I am so done with people. Just 8000% done. I’ve been forcing myself into this customer service thing for 16 years and I have straight up had enough. I don’t know what I’m going to do because I like the rest of my job, and there are only 4 of us, and BY FAR I do the least amount of actual interacting with people. But honestly. I don’t know how much more I can take of being talked down to, being treated like shit, being treated like I’m a fucking idiot, listening to their goddamn stupid sob stories that I literally could not care less about. The whole thing stresses me out so fucking much. Being away for a few days only makes me realize how much. I come back to work and I physically feel ill.
For the last month or more I’ve spent actual fucking hours, days, WEEKS with a customer trying to get a big school order correct I mean, went way out of my way, did nothing but work on his shit for days at at time. He brings me the check to pay for all this weird shit the day before Christmas Eve and called today, pissed off, that he can’t pick all his stuff up. Like. I don’t know what to tell you dude. People take time off. Not me. But people, the other 5 companies involved in getting you all your weird ass marching shit.

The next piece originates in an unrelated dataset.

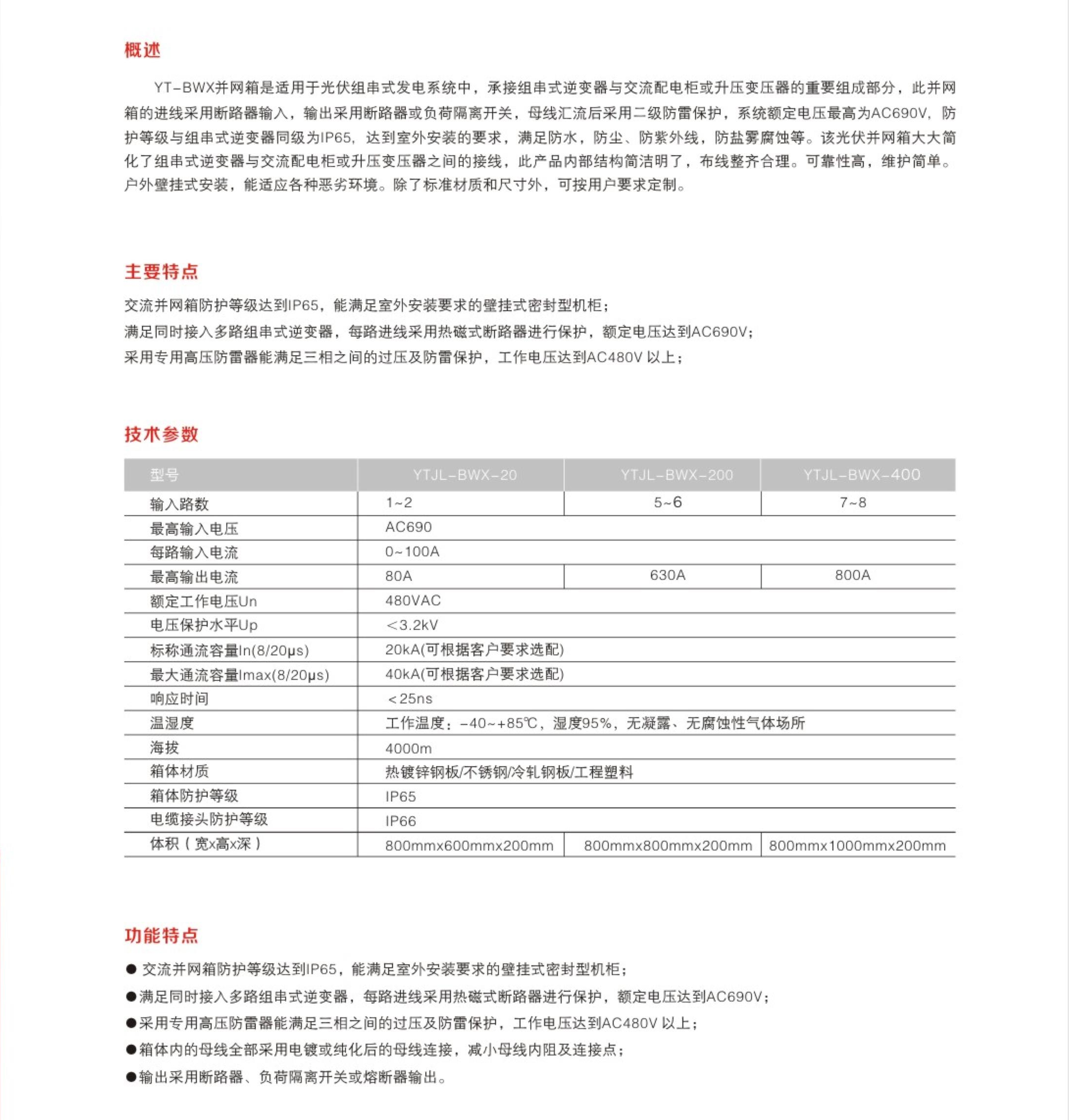 YT-BWX并網(wǎng)箱是適用于光伏組串式發(fā)電系統(tǒng)中,承接組串式逆變器與交流配電柜或升壓變壓器的重要組成部分,此并網(wǎng)箱的進(jìn)線采用斷路器輸入,輸出采用斷路器或負(fù)荷隔離開關(guān),母線匯流后采用二級防雷保護(hù),系統(tǒng)額定電壓最高為AC690V,防護(hù)等級與組串式逆變器同級為IP65,達(dá)到室外安裝的要求,滿足防水,防塵、防紫外線,防鹽霧腐蝕等。
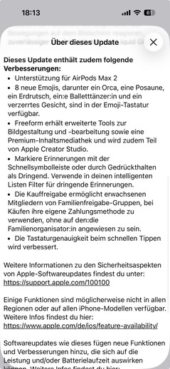 L'application Musique est dotée d'arrière-plans plein écran pour les albums et les listes de lecture, ainsi que d'une fonction "Concerts" qui permet d'afficher les concerts de vos artistes préférés à proximité. De nouvelles options d'accessibilité vous permettent de réduire les animations Liquid Glass et les éléments lumineux sur l'écran. Apple prend également en charge les nouveaux écouteurs AirPods Max 2 et huit nouveaux emoji. Apple l'application Freeform de Apple est dotée d'un contenu premium qui nécessite l'abonnement à Creator Studio. Particulièrement intéressant pour de nombreux utilisateurs : la mise à jour corrige un bogue bien connu qui faisait que le clavier ne reconnaissait pas correctement les saisies lorsque la vitesse de frappe était particulièrement élevée

And I TOLD you that when you came in with the check. It’s not my fault that you changed the order 20 times, or that you’ve been sitting on this grant money for months, or that you were so stoned out of your gourd when you dropped the check off that you don’t remember the conversation we had. He upset me so much today that my lower back has actually seized up and I can hardly walk. And I’m pissed at myself for letting him get to me but GOD DAMN. Honestly. So many years of this shit. Of me telling myself that I just have to do better. Fuck. That. Why. Why should I have to swallow this down day after god damn day. I don’t deserve it. I think I used to believe that I did.